> _What to work on_
The response must consist of the lines below from the one with "Applying your Sugar" through the one with "Detached two-bay single-storey", exactly as they appear and with both ends kept.
(Source information)
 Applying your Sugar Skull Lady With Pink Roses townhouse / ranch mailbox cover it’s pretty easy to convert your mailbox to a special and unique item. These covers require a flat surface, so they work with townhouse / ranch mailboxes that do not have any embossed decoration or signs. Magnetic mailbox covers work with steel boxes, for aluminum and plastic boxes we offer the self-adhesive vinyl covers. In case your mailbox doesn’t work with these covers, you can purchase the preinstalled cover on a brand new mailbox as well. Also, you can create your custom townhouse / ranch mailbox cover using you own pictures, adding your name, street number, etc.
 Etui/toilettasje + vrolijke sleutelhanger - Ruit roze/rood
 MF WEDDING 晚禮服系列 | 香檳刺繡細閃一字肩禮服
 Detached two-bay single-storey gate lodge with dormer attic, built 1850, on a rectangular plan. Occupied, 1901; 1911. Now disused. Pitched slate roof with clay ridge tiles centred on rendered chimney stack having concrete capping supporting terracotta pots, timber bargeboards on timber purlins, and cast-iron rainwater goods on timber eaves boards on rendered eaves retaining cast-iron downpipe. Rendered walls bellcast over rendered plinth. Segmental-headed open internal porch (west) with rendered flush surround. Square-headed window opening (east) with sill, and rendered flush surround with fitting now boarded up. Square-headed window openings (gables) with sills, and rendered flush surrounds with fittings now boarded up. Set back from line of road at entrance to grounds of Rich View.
(End Source information)
(Source information)
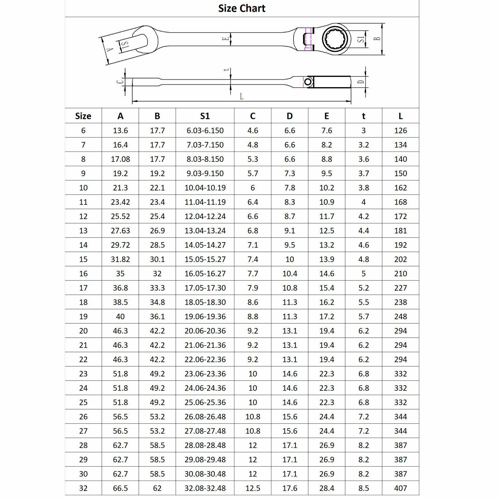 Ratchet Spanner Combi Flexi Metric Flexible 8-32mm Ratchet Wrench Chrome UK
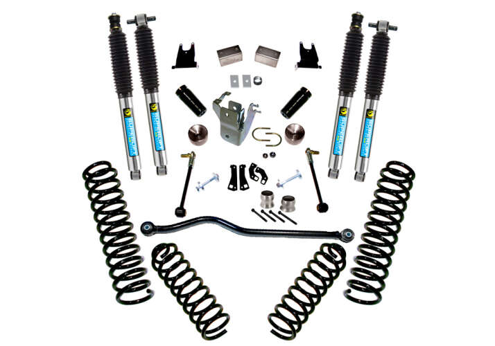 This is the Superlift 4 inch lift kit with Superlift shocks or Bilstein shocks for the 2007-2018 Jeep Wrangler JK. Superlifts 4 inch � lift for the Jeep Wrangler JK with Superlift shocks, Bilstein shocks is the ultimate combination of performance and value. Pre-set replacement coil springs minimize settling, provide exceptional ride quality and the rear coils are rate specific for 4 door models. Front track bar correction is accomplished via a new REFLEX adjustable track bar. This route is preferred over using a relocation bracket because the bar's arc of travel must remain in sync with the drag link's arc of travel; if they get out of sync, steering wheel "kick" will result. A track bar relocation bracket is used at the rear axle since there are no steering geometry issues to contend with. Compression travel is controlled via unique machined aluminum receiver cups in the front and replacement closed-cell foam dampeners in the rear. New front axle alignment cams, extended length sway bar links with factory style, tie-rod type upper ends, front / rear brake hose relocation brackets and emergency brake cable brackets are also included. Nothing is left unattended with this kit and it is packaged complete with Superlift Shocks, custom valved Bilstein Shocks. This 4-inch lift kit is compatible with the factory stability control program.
(End Source information)
> _Your response_
 Applying your Sugar Skull Lady With Pink Roses townhouse / ranch mailbox cover it’s pretty easy to convert your mailbox to a special and unique item. These covers require a flat surface, so they work with townhouse / ranch mailboxes that do not have any embossed decoration or signs. Magnetic mailbox covers work with steel boxes, for aluminum and plastic boxes we offer the self-adhesive vinyl covers. In case your mailbox doesn’t work with these covers, you can purchase the preinstalled cover on a brand new mailbox as well. Also, you can create your custom townhouse / ranch mailbox cover using you own pictures, adding your name, street number, etc.
 Etui/toilettasje + vrolijke sleutelhanger - Ruit roze/rood
 MF WEDDING 晚禮服系列 | 香檳刺繡細閃一字肩禮服
 Detached two-bay single-storey gate lodge with dormer attic, built 1850, on a rectangular plan. Occupied, 1901; 1911. Now disused. Pitched slate roof with clay ridge tiles centred on rendered chimney stack having concrete capping supporting terracotta pots, timber bargeboards on timber purlins, and cast-iron rainwater goods on timber eaves boards on rendered eaves retaining cast-iron downpipe. Rendered walls bellcast over rendered plinth. Segmental-headed open internal porch (west) with rendered flush surround. Square-headed window opening (east) with sill, and rendered flush surround with fitting now boarded up. Square-headed window openings (gables) with sills, and rendered flush surrounds with fittings now boarded up. Set back from line of road at entrance to grounds of Rich View.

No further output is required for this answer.